PASSING: Bud Harrelson, January 11, 2024
Derrel McKinley “Bud” Harrelson passed on January 11, 2024 in his home in East Northport, N.Y. of Alzheimer’s disease. Harrelson was diagnosed with Alzheimer’s in 2016 and went public with his malady in 2018.
At the time of his passing Harrelson was a partner in the Long Island Ducks North Atlantic Independent League, Islip, Long Island based team team he helped to found in 2000. The link below tells the story:
One of my earliest trivia questions for my confounded schoolmates was:
Q: What is Bud Harrelson’s real name?
A: Derrel McKinley Harrelson!
No, Bud Harrelson was not related to Ken “Hawk” Harrelson.
Bud Harrelson was signed by the Mets as a free agent in 1963, before the free agent amateur draft which began in 1965, after a year at San Francisco State.
Bud’s professional career began in 1963 with the Salinas Mets in California League A ball. Bud was called up to The Show in September 1965 where he caddied for Roy McMillan.
That very same year Bud began his 5 year hitch in the National Guard for 1 weekend a month which partially accounts for Bud’s relatively low number of games played.
Fielding statistics give Bud short shrift. During his Gold Glove campaign of 1971 his % of chances to league average was a pretty good but not great. However it must be factored in that during his career Harrelson played behind Tom Seaver, Nolan Ryan, Jon Matlack, Jerry Koosman and Tug McGraw all of whom were fastball/K/fly out pitchers.

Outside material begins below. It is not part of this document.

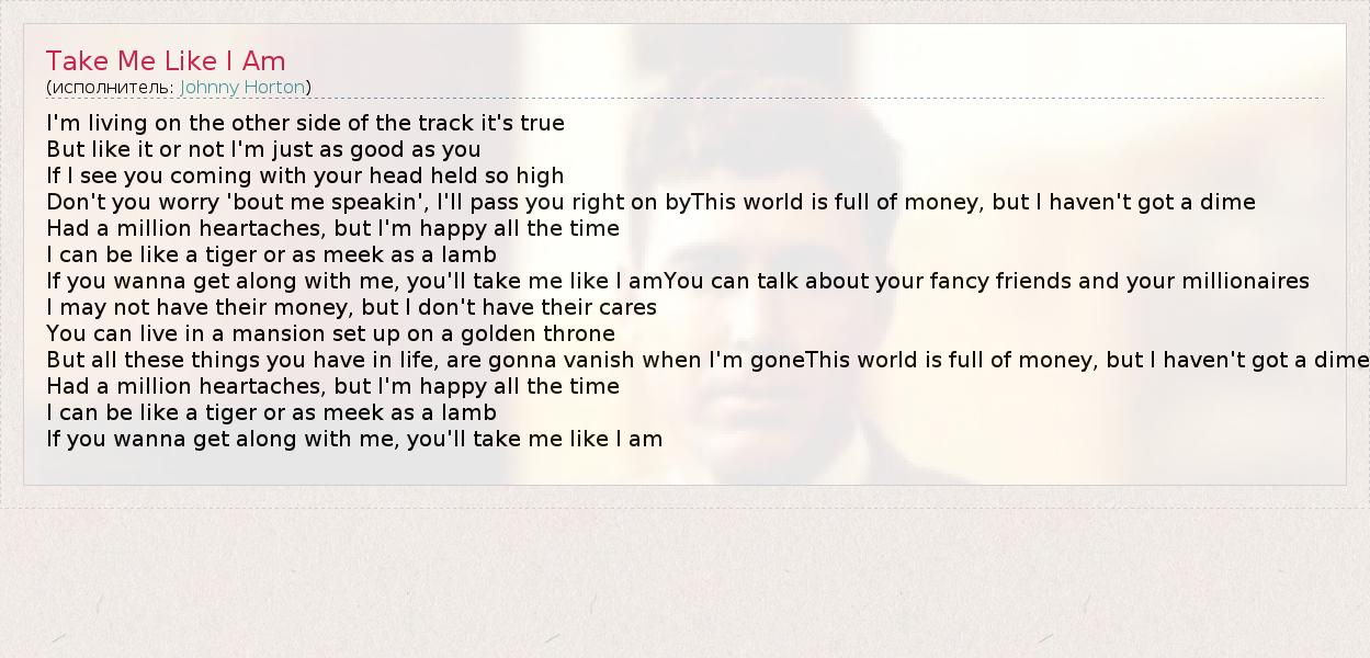 Это интересно:Джон Гейл Хортон (30 апреля 1925 г. 5 ноября 1960), известный профессионально, как Джонни Хортон, был американскую музыку кантри и рокабилли певец самый известный за его полу-фолк, так называемые "саги песни", который начал «исторической баллады "увлечение конце 1950-х и начале 1960-х. С ними у него было несколько крупных успехов, особенно в течение 1959 с песней "Битва Нового Орлеана", который... продолжение

https://www.baseball-reference.com
Harrelson had a cannon for an arm and could hurl overhand from deep in the hole, whip sidearm from a set position and “shovel,” as Mets broadcaster Lindsey Nelson would put it to the 2nd. bagger for a 6-4-3 twin killing.
Harrelson had offensive value. After the success of Maury Wills, who finally made it to the Dodgers after 1100 minor league games by embracing switch hitting, speedy infielders such as Harrelson and his contemporary Don Kessinger were made into switch hitters during their minor league apprenticeships. Bud drew a good number of walks long before OBA became obsessional.
I recall a neighbor chortling with delight when Bud, hitting lefty, beat out a push bunt.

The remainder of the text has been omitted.